What is Retina?

Sight is one of the special five senses we humans are endowed with, and perhaps the most important. Most of us take this unique faculty for granted, until something affects our capacity to see well. In some situations, we can even loose this important faculty of sight that helps us see the world around us.

To understand how the eye works, think of a camera. The camera has a lens in the front that focuses the outside world on to the film in the back or on the chip inside if it is a digital camera. Similarly, the eye functions with the natural human lens that focuses light rays reflected off objects to the back of the eye, where the ‘film’ of the eye, the retina, is located. The retina, in turn, converts these light rays into electrical impulses that are sent to the parts of the brain concerned with sight.

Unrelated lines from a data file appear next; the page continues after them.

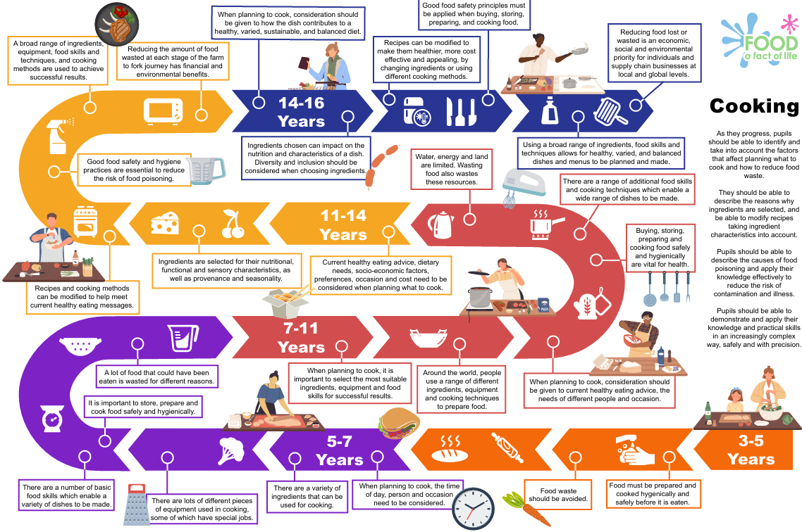 - support practical learning, as visual guides can showcase good practice and techniques for cooking skills, this can develop independence in your classrooms;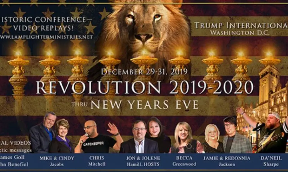 Hamill and his “prophetic” friends were back at Trump International with Cindy Jacobs and other friends for Revolution 2019-2020 over three days at the end of December. James Goll, also affiliated with the New Apostolic Reformation, appeared by video and portrayed the Revolution gathering as a successor to Lou Engle’s The Call, a prayer gathering on the National Mall in 2000. Goll said that prayers by “revolutionaries” would make the impeachment process “boomerang” on Trump’s critics.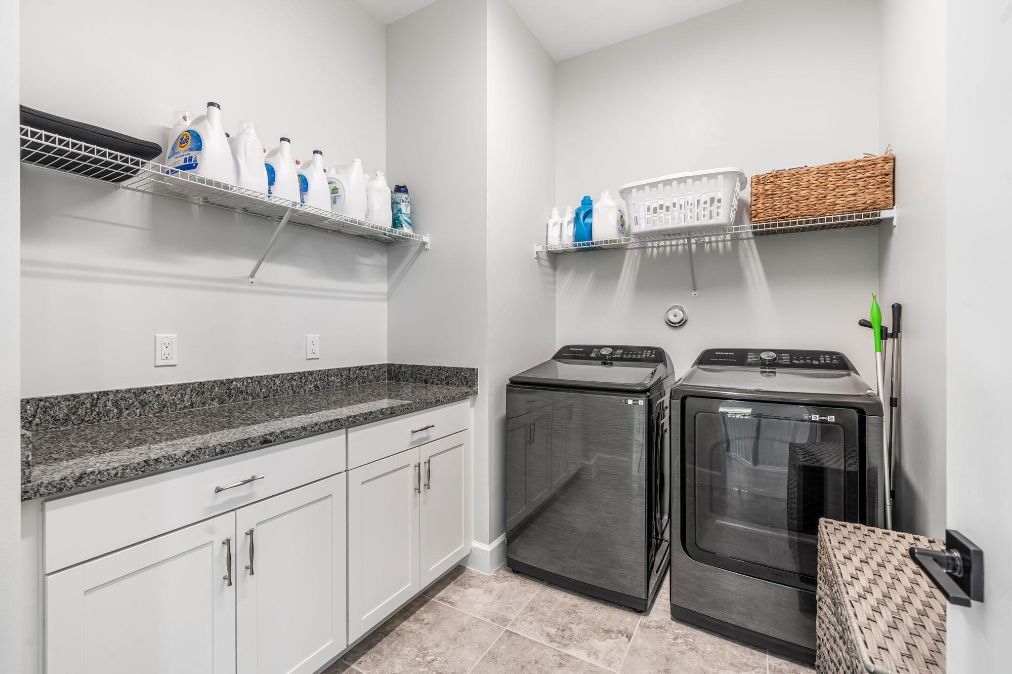 Impressive from the moment you arrive, this home features soaring 20-foot ceilings, impact windows, and extensive upgrades throughout. The gourmet kitchen offers elegant double-stacked lighted cabinetry, a designer island with premium slab countertop, a custom coffee bar with floating shelves, gas range, tankless gas water heater, and upgraded hardware. Designer chandeliers, pendant fixtures, recessed lighting,wainscoting and crown molding add timeless elegance. The primary suite includes a private balcony retreat and an upgraded bath with custom tile designs. Additional highlights include luxury vinyl floors upstairs and on the stairs, a porcelain fireplace wall, versatile loft, custom closet systems in all bedrooms, marble pavers, epoxy garage floors, & upgraded lighting throughout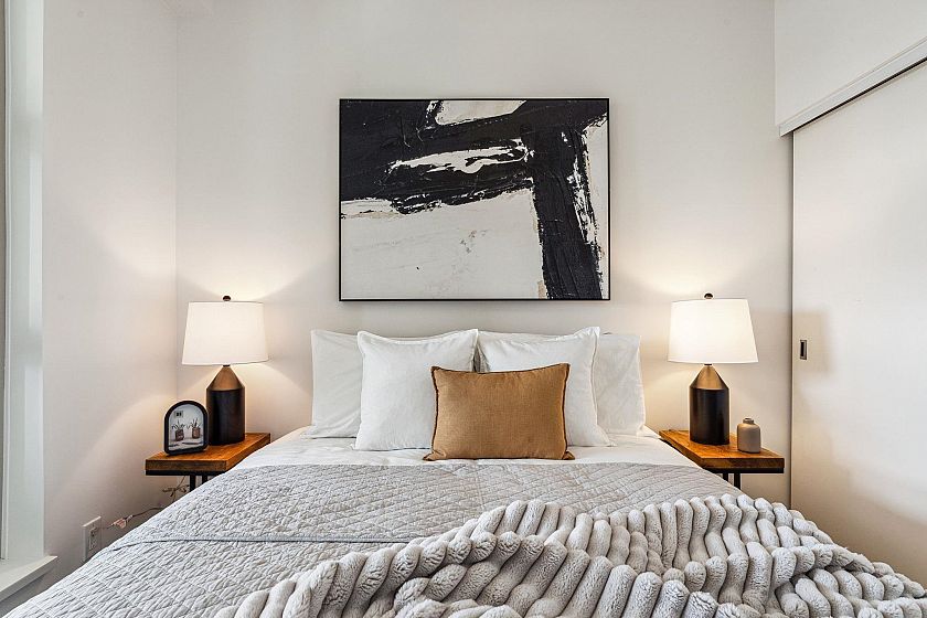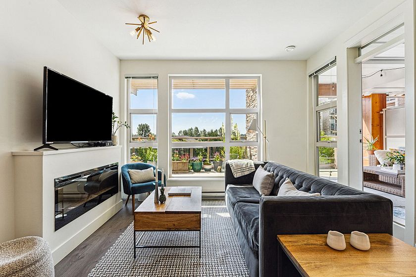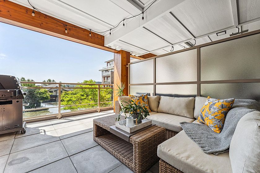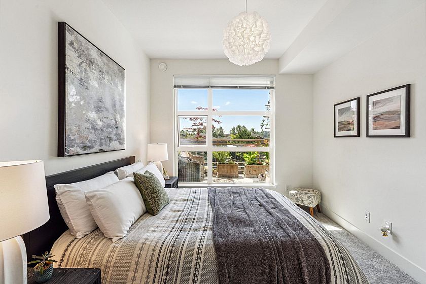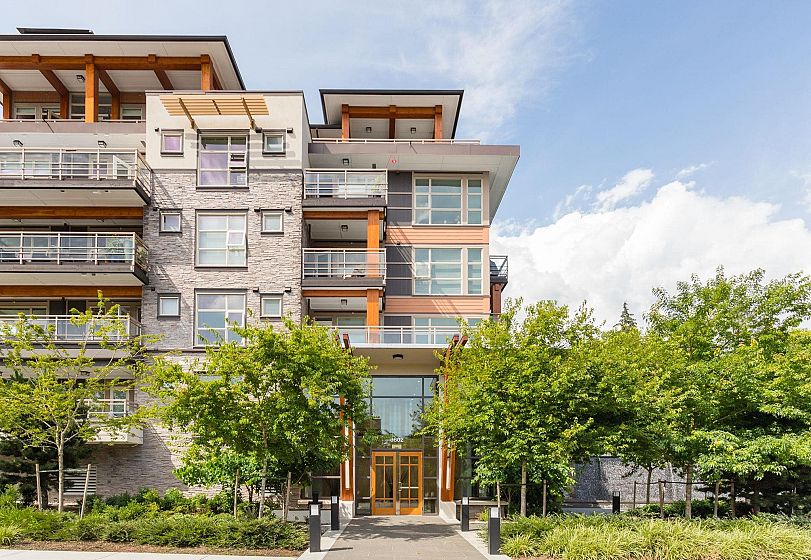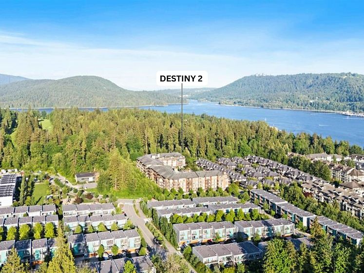 Welcome to the best of Destiny 2! This sought after south-facing 2 bed, 2 bath home feels like waterfront living, with a stunning 290 sq ft partially covered balcony overlooking a one-of-a-kind infinity pond. Inside, enjoy a sleek open layout with stainless steel appliances, gas range, large island, laminate flooring, and over-height ceilings. The spacious primary bedroom features a walk-through closet and spa-like 5-piece ensuite. Both bedrooms are ideally separated for privacy. 2nd bedroom is generously sized and right next to a 2nd - 4 piece bath. 2 side-by-side parking stalls, locker, in-suite laundry & pet-friendly community. Resort style amen incl a well-equipped gym, clubhouse, theatre, paddle /kayak stge and dog wash. Tranquility meets luxury. Open this Sat 2-3 & Sun 2-4.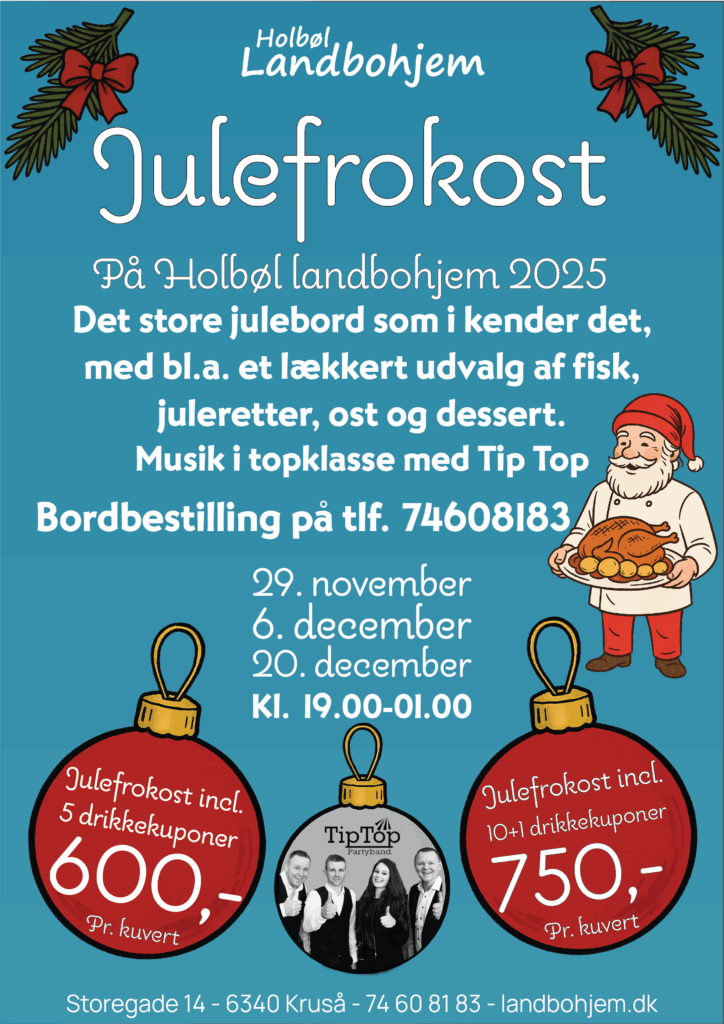 Julefrokost inkl. 10 + 1 drikkekuponer
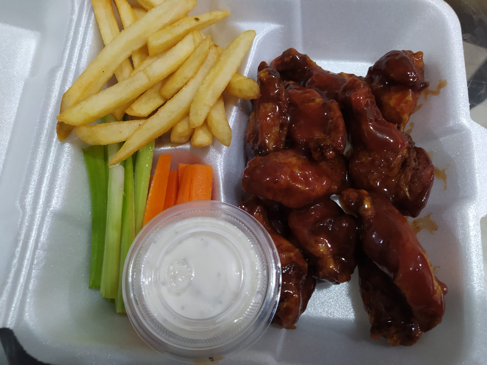 Acompañadas de ranch, zanahoria y apio.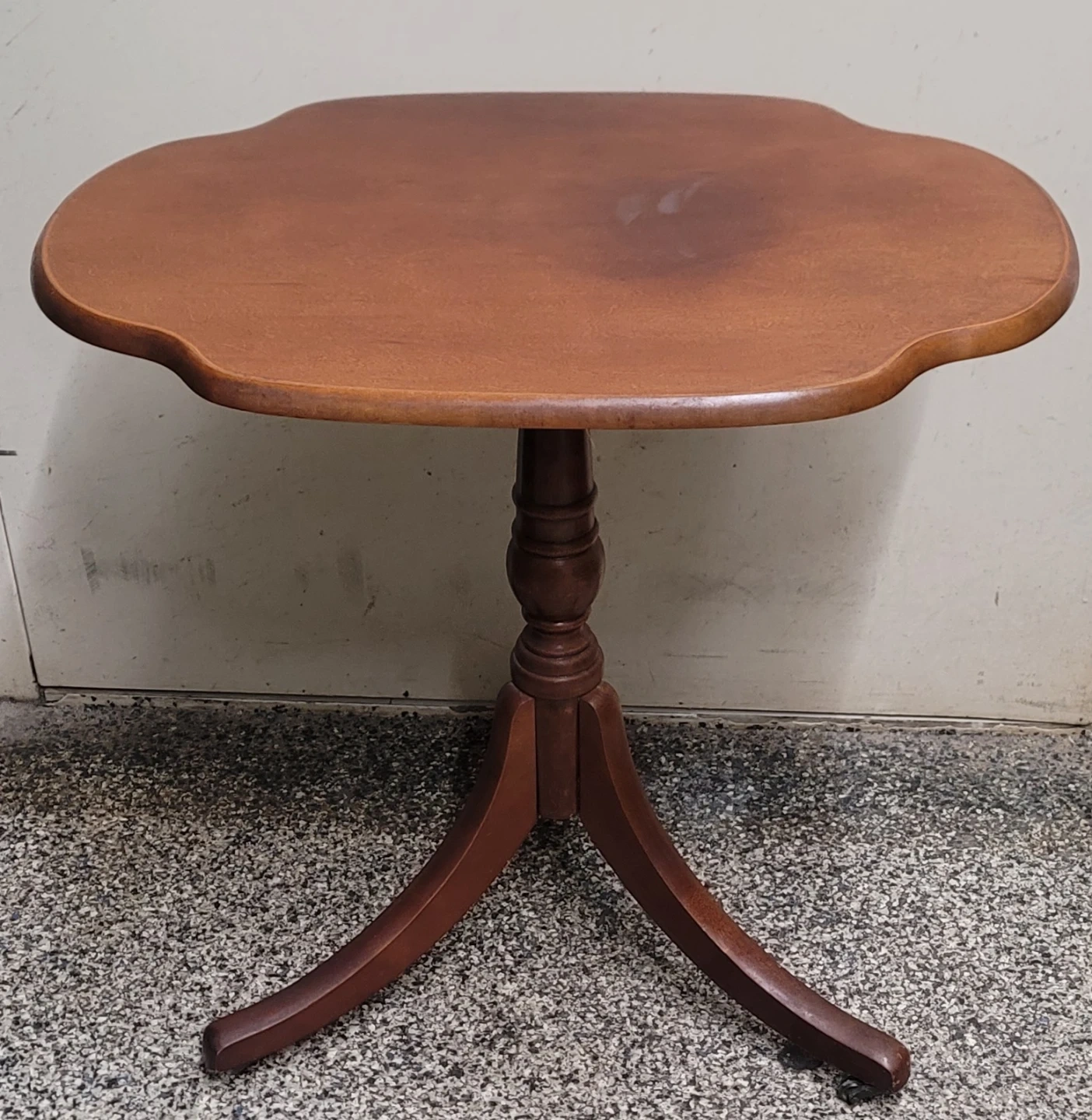 Selling a lovely vintage wooden accent table! It has a unique shape and a classic design that would look great in any room. It's in good condition and ready to add a touch of charm to your home.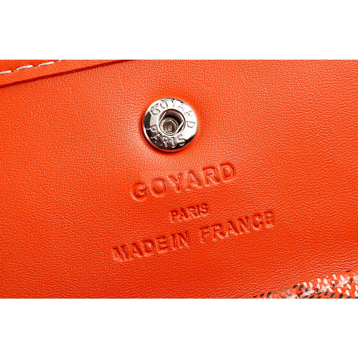 Interior Textile lining with Goyard Paris Made in France heat embossed on leather trim inside the coin purse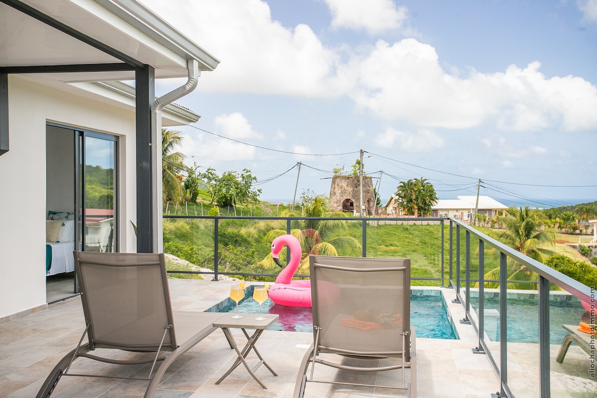 Magnifique Villa individuelle de standing. 100% bioclimatique, sur Sainte Luce, avec petite piscine privée, vue mer, et à 2 minutes de la plage. Vue panoramique incroyable à 180 degrés sur la Mer des Caraïbes, et vue sur Sainte Lucie (île voisine). Nichée en pleine nature, vous profiterez du chant des oiseaux, et du jardin tropical. Aucun vis à vis. Pas de fêtes, ni de réceptions autorisées. L’endroit est très calme : un vrai havre de paix !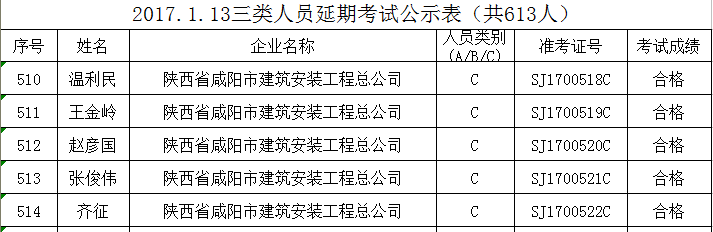 現(xiàn)將全省2017年1月13日受理的袁國慶等613人的建筑施工企業(yè)“三類人員”繼續(xù)教育考試成績予以公布,并就有關(guān)事項(xiàng)通知如下:

The whole process of sight is amazingly well organized and structured. Even the most technologically advanced camera in the world cannot match the capabilities of the human eye.

The eye is a very small organ compared to other organs in the human body. An average eye measures only about 2.5 cms front to back. But compared to its size, it is difficult to even comprehend the amount of work it does for us. Every waking second, the eye can send about a billion bytes of information to the brain. It can sense around tens of millions of gradations of light and around seven million different shades of colour. It is responsible for about 75 percent of what we perceive in our lives at any given moment of time.

The retina forms the anatomic and physiologic basis for the gift of sight. It supplies over 30% of the sensory input to the brain. It gives us the power to form, dissolve and create a new image every tenth of a second. But this amazing sense organ can get diseased; it can be affected by factors such as genetic and birth defects, metabolic changes, trauma and aging. And when it does get affected, either from birth or in life, a person never develops the capacity to see, as we occasionally find in patients with Retinopathy of Prematurity (ROP), or lose this capacity to see, as in cases of Retinitis Pigmentosa (RP), Diabetic retinopathy or Macular degeneration.